Millimeter Wave Module

The MY-5001B radio altimeter is an all-solid-state C-band device featuring a frequency-modulated continuous wave (FM-CW) system, a constant differential beat frequency, and a closed-loop tracking and measurement mechanism. It ensures a constant beat frequency through servo control of the slope of the sawtooth wave that modulates the microwave oscillator, thereby achieving automatic height tracking. This altimeter incorporates a suite of advanced technologies, including narrowband reception, weighted frequency discrimination, equivalent spectrum leading edge detection, gain PID control, instantaneous sensitivity compensation, temperature compensation, horizon frequency selection design, and power silence. These technologies collectively endow it with advantages such as accurate height measurement, stable tracking, adaptability to various terrains, a wide height measurement range, high precision, and strong anti-interference capabilities.

The MY-70A radio altimeter is a solid-state C-band radio altimeter system based on frequency-modulated continuous wave (FMCW) technology, featuring constant beat frequency and closed-loop tracking measurement. It maintains a constant beat frequency by servo-controlling the slope of the sawtooth wave that modulates the microwave oscillator, thereby achieving automatic altitude tracking. Under the condition of a constant beat frequency, the measured altitude is proportional to the modulation period; thus, altitude information can be acquired by measuring the modulation period, and the system then converts this information into an altitude voltage for output. The MY-70A altimeter boasts excellent anti-jamming performance, thanks to its adoption of a narrow-band receiver (with gain adjustable according to altitude), as well as technologies including equivalent spectrum front-end detection, weighted frequency identification, and automatic servo tracking. Additionally, the altimeter’s high-frequency components are implemented with microwave integration, while its low-frequency components utilize a modular design—these measures collectively enhance the product’s reliability, anti-interference capability, and electromagnetic compatibility.

The MDG-300 radio height-fixing device operates in the C-band and adopts a pulse compression system. Its sensitive component is of the heterodyne type, and the circulator at the antenna terminal uses a transceiver common-mode design. Prior to missile launch, the height-fixing device is powered on, and it undergoes self-check and height presetting via the communication interface. After the missile is launched, the radio frequency (RF) module is activated, and a gate is set in accordance with the preset height. When the preset height is reached, the device outputs height-fixing command information and telemetry data. The MDG-300 height-fixing device features mature technology: its pulse compression technology can enhance the altimeter’s height measurement performance, and it has the characteristic of a wide height measurement range. Additionally, the digital pulse compression function based on FPGA (Field-Programmable Gate Array) endows it with advantages such as small size, low power consumption, and low cost.
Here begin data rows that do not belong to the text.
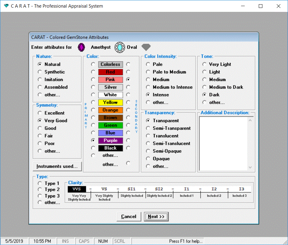 Significant number of attributes can also be specified for each gemstone to complete the appraisal.
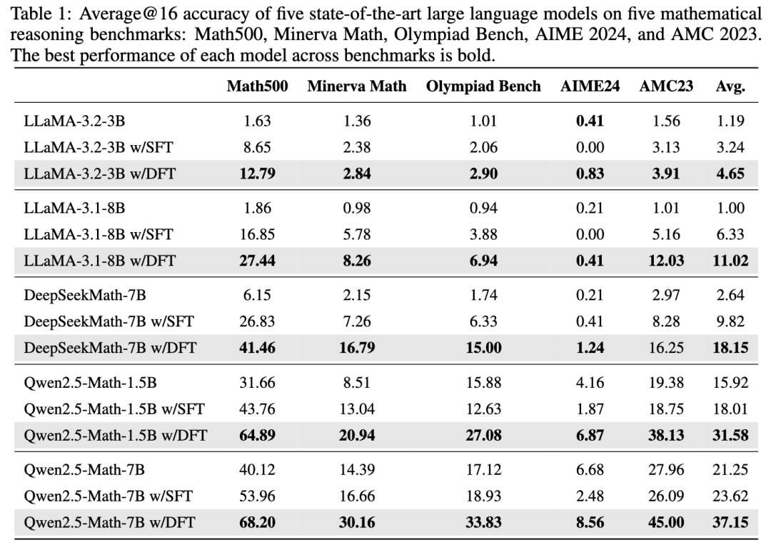 - 这个只需一行代码的改动,在多个数学推理基准测试中,让不同模型的性能都获得了远超传统 SFT 的提升,甚至在某些场景下超越了更复杂的强化学习方法。
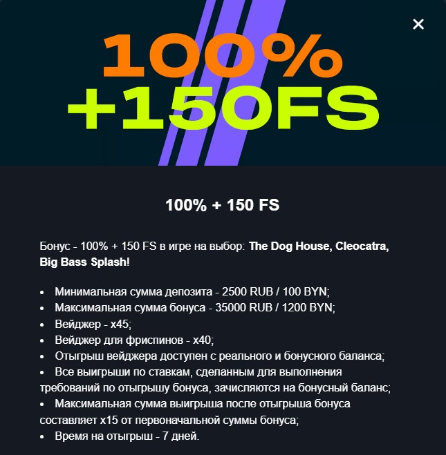 Бонус - 100% + 150 FS в игре на выбор: The Dog House, Cleocatra, Big Bass Splash!
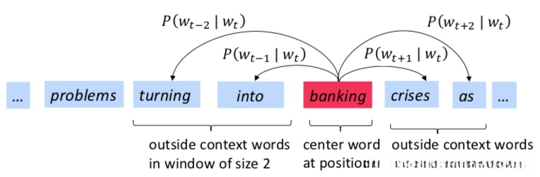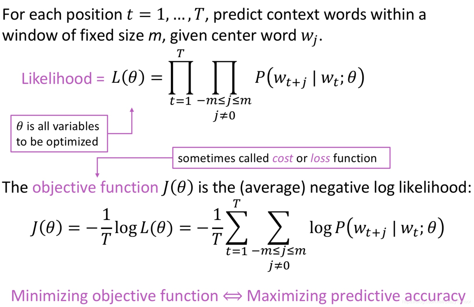 遍历文本中的每个位置t,其中心词是c,而o是其周围的上下文词。
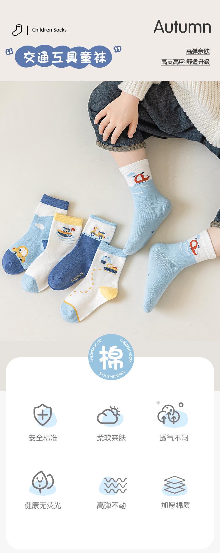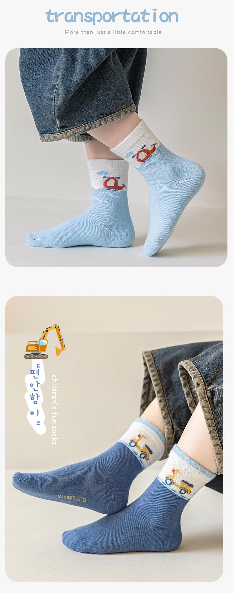 Envío Directo Calcetines para Niños Estilo Otoño Algodón Peinado Calcetines Media Caña Dibujos Animados Transporte Calcetines Deportivos para Niños
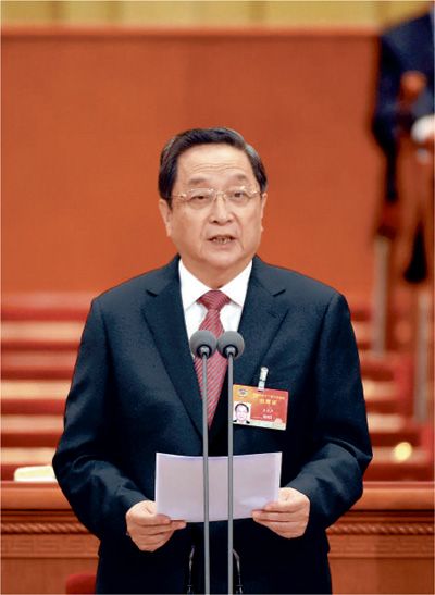3月13日,全国政协十二届三次会议在北京人民大会堂举行闭幕会。全国政协主席俞正声主持闭幕会并讲话。 本报记者 雷 声摄
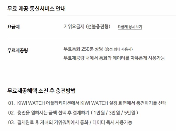 키위워치는 SK텔레콤의 준과 마찬가지로 전용 요금제가 제공됩니다. SK텔레콤과 차이가 있다면 선불형 요금제로 충전한 만큼 사용하는 방식이라는 점입니다.
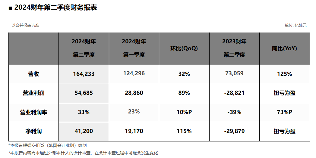 7 月 25 日消息,SK 海力士剛剛發布了截至 2024 年 6 月 30 日的 2024 財年第二季度財務報告,結合并收入為 16.4233 萬億韓元(IT之家備注:當前約 862.39 億元人民幣),同比增長 125%,環比增長 32%,大幅超過 2022 年第二季度的 13.811 萬億韓元記錄再創歷史新高。

The MASS-10 Universal Echo Precision Delay Module, featuring a miniature design and universal continuous simulation capability, is a high-performance component tailored for precise echo signal delay control in radio frequency (RF) testing scenarios. It excels in providing accurate, adjustable delay for echo signals across a wide range of frequencies, making it applicable to various devices like radio altimeters, radars, and other RF-based systems that require reliable echo signal simulation. With its compact size, the module is easy to integrate into limited-space test setups, while the universal continuous simulation function ensures it can replicate diverse real-world signal delay conditions consistently. This module plays a crucial role in verifying the performance of target devices—such as testing their ability to accurately capture and process delayed echo signals—thereby supporting the development, calibration, and quality assurance of RF equipment with high precision and flexibility.